The new Promissory Note from CM Mobile to AQC is in the amount of US$2,863,000, representing the sum of all amounts previously advanced by AQC, plus interest accrued through the date of the Promissory Note on such amounts. The principal balance of the Promissory Note bears interest at 10% per annum, which increases to 20% in the event of any default. The total term of the Promissory Note is three years, with a final maturity date of March 3, 2017, subject to payment in cash of extension fees in three month intervals, each equal to 3% of the principal balance then due. The Promissory Note may be prepaid in whole or in part without penalty. In addition to standard provisions describing events of default, the filing of any voluntary or involuntary bankruptcy petition, appointment of receiver, or other extraordinary action to dissolve or liquidate the assets of the Company or Gulfstream, or writ for attachment of any of CMMobile’s stock, which proceeding is not dismissed within thirty days of filing, constitutes a default under the Promissory Note, as does any change of management control of the Company. For so long as there is any amount owing under the Promissory Note, AQC has the right to appoint one director of CMMobile, and certain major corporate events are subject to unanimous approval of all directors.
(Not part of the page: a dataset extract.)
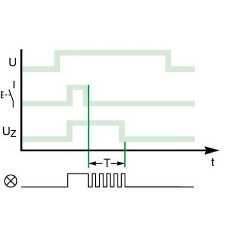 - Le cycle unique de temporisation ne débute qu’au relâchement d’un contact auxiliaire (bouton-poussoir)

A copy of the Promissory Note is attached as Exhibit 10.3 to this Form 8-K and is incorporated by this reference.

The Security Agreement grants AQC a security interest in all of CMMobile’s current and future assets, as security for repayment of the Promissory Note. In the event of default, AQC may take control of and sell any or all of the assets and apply the proceeds of such sale against the amount then owed under the Promissory Note. A copy of the Security Agreement is attached as Exhibit 10.4 to this Form 8-K and is incorporated by this reference.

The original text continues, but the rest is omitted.